By Tereasa Nims

More than 1,000 expected for event benefitting Outreach Center

The same year Larry Lode of Fort Worth first tested HIV positive was, coincidentally, the year the first Tarrant County AIDS Walk was held.

And he’s been doing the walk on and off ever since.

"In 1992 it was just empowering," Lode said. "We were all walking for a mutual cause. It was just like, maybe someone will notice — and they did."

More than 1,000 people are expected to attend the 16th annual walk beginning at 1 p.m. Sunday, April 6, at the Community Arts Center, 1300 Gendy St. in Fort Worth.

The actual walk begins at 2:30 p.m. and the event lasts until 5 p.m.

There will be vendors on hand, and Krystal Bryant, who was born with AIDS, is going to speak before the walk begins.

An awards ceremony and raffle will follow the walk. Awards will be given to the top three individuals and teams raising the most money.

Lode said he’s watched the walk grow from a couple hundred the first year to 1,000 walkers in 2007.
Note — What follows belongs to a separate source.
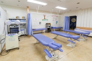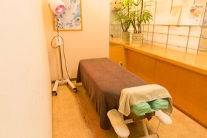 院内は広い空間で、安心して施術できます。美容鍼灸は半個室での施術になりますのでご安心ください。施術内容に合わせた器具もご用意しております。
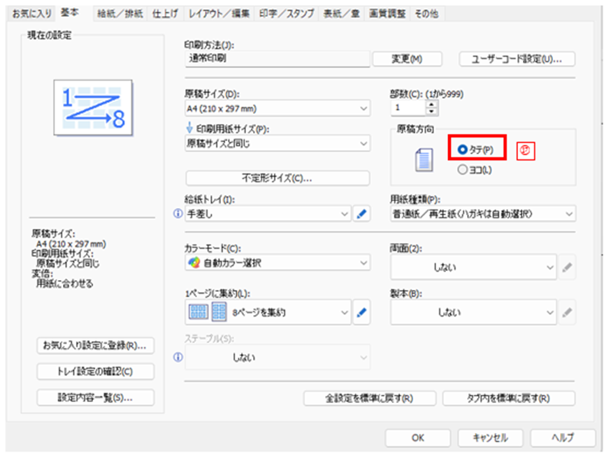 1.の手順と同様に[プリンターのプロパティ]をクリックし、[原稿方向]の[タテ](下図⑰)にチェックを入れましょう。

AIDS Outreach Center Development Associate Jane Arrowsmith said there are more than 200 people already signed up for the walk and she expects that to more than double on the day of the walk.

"People can register up until the walk begins," Arrowsmith said.

Money raised from the event goes to help the AIDS Outreach Center of Greater Tarrant County. The center was founded in 1986 as the Fort Worth Counseling Center. Tarrant County’s gay and lesbian community started the center in an effort to help provide mental health and legal support for those suffering from HIV/AIDS. The center is the leading organization in Tarrant and eight surrounding rural counties serving men, women and children with HIV and their families, educating the public about HIV prevention and advocating for sound HIV public policy, according to center officials.

The outreach center services include mental health counseling, support groups, nutritional support, youth services, minority outreach, case management, legal assistance, transportation, housing, emergency assistance, insurance continuation program, community education and prevention services, confidential and anonymous testing.

One of the programs that benefits from the fundraiser is the outreach center’s food pantry.

"One thing the outreach center is in dire need of is food," Lode said. "It’s one of my biggest passions. I don’t need it now but I was happy that it was there when I did."

Now Lode has made a commitment to collecting food for it, including doing food drives in his own neighborhood.

Lode said government cutbacks means individuals need to step up to the plate.

"Everybody knows someone HIV Positive," Lode said. "They don’t know it, but they do."

This year Lode has asked his family to help sponsor him for the walk.

"Someone I’ve never involved before is my family," Lode said. In the past two years he and they have been mending a troubled relationship, and this year he asked for their support.

"I hit them up and said you have to get involved," Lode said.

He has also convinced his partner to help raise money and do the walk.

Lode said getting involved and volunteering isn’t only helping others. He finds it personally rewarding as well as enjoyable and social.

"It’s 80 percent me and 20 percent them," he said.


This article appeared in the Dallas Voice print edition April 4, 2008.